Per mezz’ora Obama parla a voce bassissima, una voce molto bella a dire il vero, profonda e acuta al contempo, con interminabili pause che paiono rimangiare tutto quel che ha detto. Cosa ha detto non mi è stato molto chiaro, rapito com’ero dalla sua necessità di dirlo ma anche di tacerlo, di sentirlo ma anche di dimenticarlo. Sul mio taccuino ho segnato parole come war, void, solitude, adumbration, parole di un presidente del mondo, di uno che forse ora è ancora più presidente di prima, per via di quel nulla che lo accompagna.
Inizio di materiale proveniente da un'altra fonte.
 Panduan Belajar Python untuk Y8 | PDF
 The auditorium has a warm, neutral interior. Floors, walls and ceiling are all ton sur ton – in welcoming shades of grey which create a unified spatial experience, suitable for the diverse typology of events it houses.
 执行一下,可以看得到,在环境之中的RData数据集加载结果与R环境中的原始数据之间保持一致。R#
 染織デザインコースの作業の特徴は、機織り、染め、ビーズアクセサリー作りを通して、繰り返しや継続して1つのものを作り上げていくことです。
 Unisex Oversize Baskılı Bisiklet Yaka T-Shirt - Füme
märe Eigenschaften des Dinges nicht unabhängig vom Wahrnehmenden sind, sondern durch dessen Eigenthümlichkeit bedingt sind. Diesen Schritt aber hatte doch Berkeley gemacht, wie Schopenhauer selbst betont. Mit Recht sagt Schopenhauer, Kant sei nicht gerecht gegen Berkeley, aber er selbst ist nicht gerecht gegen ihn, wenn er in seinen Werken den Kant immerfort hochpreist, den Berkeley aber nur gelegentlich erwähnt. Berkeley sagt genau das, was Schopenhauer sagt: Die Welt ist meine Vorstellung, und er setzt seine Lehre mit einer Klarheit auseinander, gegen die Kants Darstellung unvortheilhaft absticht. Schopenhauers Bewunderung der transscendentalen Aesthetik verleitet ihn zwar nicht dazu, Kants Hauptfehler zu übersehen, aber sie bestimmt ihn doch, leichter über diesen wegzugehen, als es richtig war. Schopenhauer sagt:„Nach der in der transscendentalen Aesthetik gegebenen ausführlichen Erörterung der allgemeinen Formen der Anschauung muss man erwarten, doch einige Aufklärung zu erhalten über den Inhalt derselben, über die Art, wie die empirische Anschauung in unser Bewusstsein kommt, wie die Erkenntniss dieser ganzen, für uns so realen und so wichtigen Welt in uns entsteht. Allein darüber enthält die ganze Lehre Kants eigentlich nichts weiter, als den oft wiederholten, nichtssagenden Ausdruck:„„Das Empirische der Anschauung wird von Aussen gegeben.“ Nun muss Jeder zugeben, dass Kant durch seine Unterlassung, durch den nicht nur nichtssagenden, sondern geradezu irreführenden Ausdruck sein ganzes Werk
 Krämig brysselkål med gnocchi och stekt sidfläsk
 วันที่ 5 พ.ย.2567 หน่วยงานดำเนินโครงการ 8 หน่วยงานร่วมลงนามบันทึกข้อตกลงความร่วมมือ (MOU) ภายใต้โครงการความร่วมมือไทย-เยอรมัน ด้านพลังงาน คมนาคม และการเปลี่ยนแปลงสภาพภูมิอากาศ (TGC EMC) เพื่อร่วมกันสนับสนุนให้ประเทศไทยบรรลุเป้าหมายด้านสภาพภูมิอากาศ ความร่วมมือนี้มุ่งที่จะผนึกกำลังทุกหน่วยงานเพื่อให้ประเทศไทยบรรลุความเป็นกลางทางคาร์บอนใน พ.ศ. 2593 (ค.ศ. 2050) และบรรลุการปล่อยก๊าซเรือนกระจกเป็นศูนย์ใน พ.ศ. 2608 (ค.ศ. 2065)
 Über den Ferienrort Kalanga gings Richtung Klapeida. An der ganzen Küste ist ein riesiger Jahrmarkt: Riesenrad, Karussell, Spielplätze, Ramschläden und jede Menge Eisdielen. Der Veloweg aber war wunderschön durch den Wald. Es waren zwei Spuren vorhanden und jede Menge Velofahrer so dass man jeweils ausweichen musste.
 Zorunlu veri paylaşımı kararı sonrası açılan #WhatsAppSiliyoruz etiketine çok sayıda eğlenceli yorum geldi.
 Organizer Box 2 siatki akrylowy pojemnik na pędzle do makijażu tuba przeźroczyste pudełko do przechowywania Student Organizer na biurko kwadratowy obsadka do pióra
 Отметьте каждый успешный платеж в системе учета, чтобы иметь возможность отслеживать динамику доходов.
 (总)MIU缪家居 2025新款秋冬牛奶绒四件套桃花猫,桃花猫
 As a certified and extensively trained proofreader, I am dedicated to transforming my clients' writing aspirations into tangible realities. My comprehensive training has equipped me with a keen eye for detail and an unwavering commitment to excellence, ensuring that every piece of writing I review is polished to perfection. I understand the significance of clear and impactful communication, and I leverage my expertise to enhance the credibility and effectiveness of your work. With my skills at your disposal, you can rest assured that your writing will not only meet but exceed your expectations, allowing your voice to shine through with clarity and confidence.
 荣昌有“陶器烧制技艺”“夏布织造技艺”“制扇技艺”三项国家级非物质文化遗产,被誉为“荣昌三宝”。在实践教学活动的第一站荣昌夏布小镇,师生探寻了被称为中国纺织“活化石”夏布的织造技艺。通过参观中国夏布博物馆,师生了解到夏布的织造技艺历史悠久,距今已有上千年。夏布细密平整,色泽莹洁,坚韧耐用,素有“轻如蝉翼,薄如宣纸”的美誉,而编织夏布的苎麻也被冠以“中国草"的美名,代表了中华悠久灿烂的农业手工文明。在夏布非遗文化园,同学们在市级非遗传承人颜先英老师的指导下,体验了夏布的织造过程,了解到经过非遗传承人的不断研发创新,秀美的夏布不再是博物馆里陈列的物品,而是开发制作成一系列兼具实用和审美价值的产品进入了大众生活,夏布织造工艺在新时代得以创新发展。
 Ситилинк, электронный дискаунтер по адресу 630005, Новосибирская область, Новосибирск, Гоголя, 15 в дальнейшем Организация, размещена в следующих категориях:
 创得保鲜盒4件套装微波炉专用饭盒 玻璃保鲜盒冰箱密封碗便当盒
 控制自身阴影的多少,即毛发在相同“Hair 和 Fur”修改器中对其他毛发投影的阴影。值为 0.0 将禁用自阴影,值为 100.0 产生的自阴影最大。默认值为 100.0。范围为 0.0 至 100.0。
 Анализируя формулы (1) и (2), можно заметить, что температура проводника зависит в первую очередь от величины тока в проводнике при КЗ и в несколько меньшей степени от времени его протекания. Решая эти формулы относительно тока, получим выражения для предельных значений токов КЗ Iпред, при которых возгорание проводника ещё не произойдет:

Non riesco a staccare lo sguardo dal tacco delle sue scarpe che ombreggiano sotto la chaise-longue; quando le muove, dalla punta. Mi affascinano, è tanto che non vedo circolare persone davvero eleganti, e di questo gli sono profondamente grato. Un po’ ovunque nel mondo, insieme al sublime nervosismo è scomparsa anche l’eleganza, l’altera divinità che vestiva le donne e gli uomini dell’Alta Società negli anni Trenta e Cinquanta, dediti alle Turmac Bleu e allo Sherry. Eleganza e nervoso sono inscindibili, patetico pensarsi eleganti e sereni, l’eleganza è contraria a tutto ciò, essa vuole che di lei non si possa mai davvero gioire; esserne fieri sì, ma gioire… Barack Obama è un uomo estremamente elegante, vale a dire infelice. Sul suo volto emaciato, sul complessato torace, i briganti dell’Isis sfacciatamente galoppano.

 

Sono le sei del mattino e mi risveglio dal mio sogno di onnipotenza. Il primo pensiero che porto con me sono gli otto anni di Obama Imperatore; tanti e ne ha fatti un modesto uso. Poiché poca cosa è il mio sapere, tra un dolcetto toscano e del buon vino mi auguro che Barack Obama dica a Nostro Signore, o a Lui chieda, il perché. Sarebbe molto interessante sentirlo, ancor più dalla sua bella voce che dai suoi annunciati libri.